======== EXERCISE MATERIALS

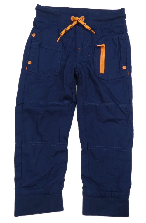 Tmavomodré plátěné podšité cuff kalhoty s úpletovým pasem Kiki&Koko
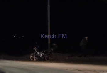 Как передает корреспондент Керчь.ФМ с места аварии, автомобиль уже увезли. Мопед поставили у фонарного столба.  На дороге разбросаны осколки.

================
======== EXERCISE MATERIALS

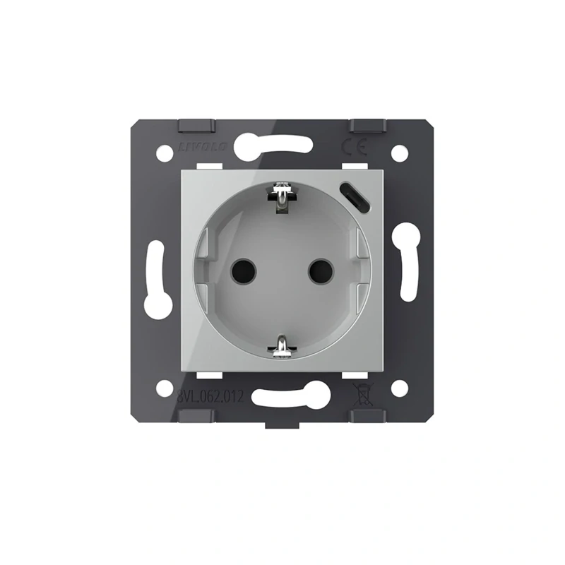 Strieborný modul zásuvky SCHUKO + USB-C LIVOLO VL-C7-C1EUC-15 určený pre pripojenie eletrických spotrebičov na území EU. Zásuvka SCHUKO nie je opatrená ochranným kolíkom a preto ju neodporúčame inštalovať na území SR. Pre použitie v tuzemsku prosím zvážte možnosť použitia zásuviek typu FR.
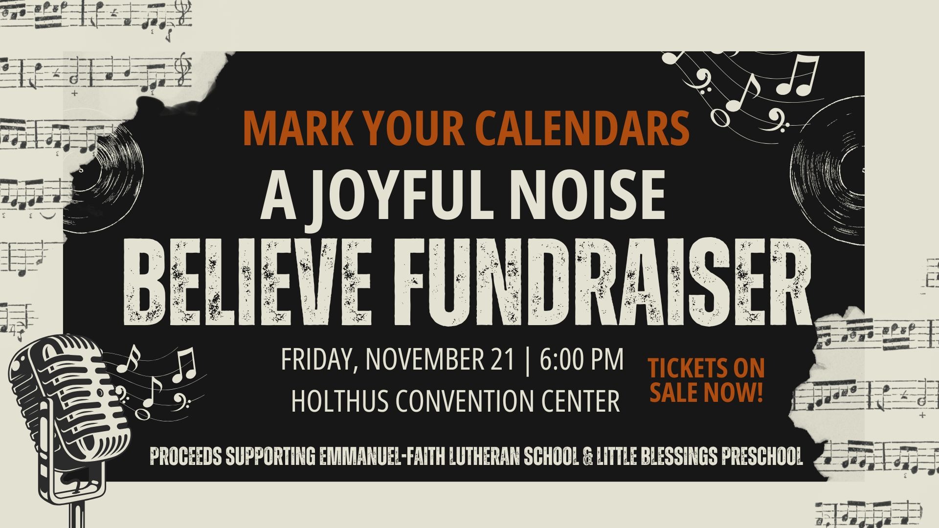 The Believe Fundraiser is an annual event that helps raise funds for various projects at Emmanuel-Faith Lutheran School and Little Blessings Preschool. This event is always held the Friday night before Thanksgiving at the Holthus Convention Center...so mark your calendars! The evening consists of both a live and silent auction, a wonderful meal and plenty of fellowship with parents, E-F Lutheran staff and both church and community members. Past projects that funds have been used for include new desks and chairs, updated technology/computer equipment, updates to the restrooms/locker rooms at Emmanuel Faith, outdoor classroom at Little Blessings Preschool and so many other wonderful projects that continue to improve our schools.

================
======== EXERCISE MATERIALS

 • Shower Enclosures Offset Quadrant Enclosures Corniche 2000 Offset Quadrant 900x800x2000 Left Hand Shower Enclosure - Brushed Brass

================

EXERCISE DESCRIPTION: Give back, exactly and without pictures, the stretch of the records above from the line containing "Tmavomodré plátěné podšité" through the line containing "Как передает корреспондент", with both end lines included.

EXERCISE OUTPUT:
 Tmavomodré plátěné podšité cuff kalhoty s úpletovým pasem Kiki&Koko
 Как передает корреспондент Керчь.ФМ с места аварии, автомобиль уже увезли. Мопед поставили у фонарного столба.  На дороге разбросаны осколки.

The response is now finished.